- #1

coolusername

- 36

- 0

## Homework Statement

The function f(x,y) = [e^(-y^2)]cos(4x) has a critical point (0,0)

## Homework Equations

Find the D value at the critical point. What type of critical point is it? (max, min, saddle or none)

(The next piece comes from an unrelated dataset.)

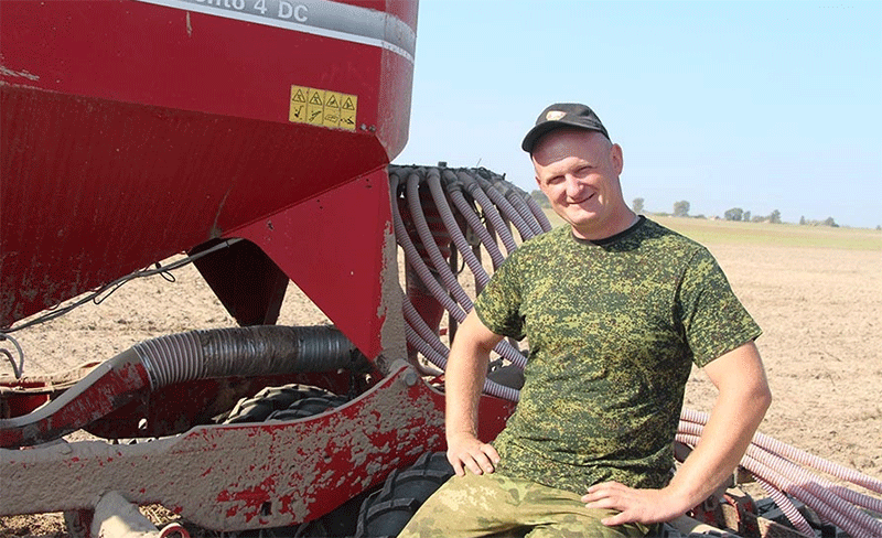 The success of such a complex operation hinges on two factors: skilled personnel and modern equipment. In a display of coordinated field efficiency, two mechanizers work in tandem on a single field. Alexander Belbukhov prepares the seedbed using a new, high-horsepower Belarus tractor equipped with a combined implement that performs three operations simultaneously: plowing, land leveling, and cultivation. This practice of combined tillage, which aligns with the principles of conservation agriculture by reducing passes over the field, saves time, fuel, and minimizes soil compaction. Following closely, Evgeny Sverdlov operates the seeder, placing the seed into the ideal conditions created by his partner.

## The Attempt at a Solution

I know that to find the D value I must compute the partial derivatives (fox, fey, fxy and fyx)

fx = [-4e^(-y^2)]sin(4x)

fy = [-2ye^(-y^2)]cos(4x)

fxx = [-16e^(-y^2)](cos(4x)

fyy = [4(y^2)e^(-y^2)]cos(4x)

fxy = [8ye^(-y^2)]sin(4x)

fxy = [8ye^(-y^2)]sin(4x)

D = (fxx)(fyy) - (fxy)^2

= [-16e^(-y^2)](cos(4x)[4(y^2)e^(-y^2)]cos(4x) - {[8ye^(-y^2)]sin(4x)}^2

evaluated at the critical point (0,0)

= (-16)(0) - (0)(0)

= 0

This means that the 2nd derivative test gave no info. But somehow it's not the right answer. Did I find the correct value of D? Is my approach correct?

Thanks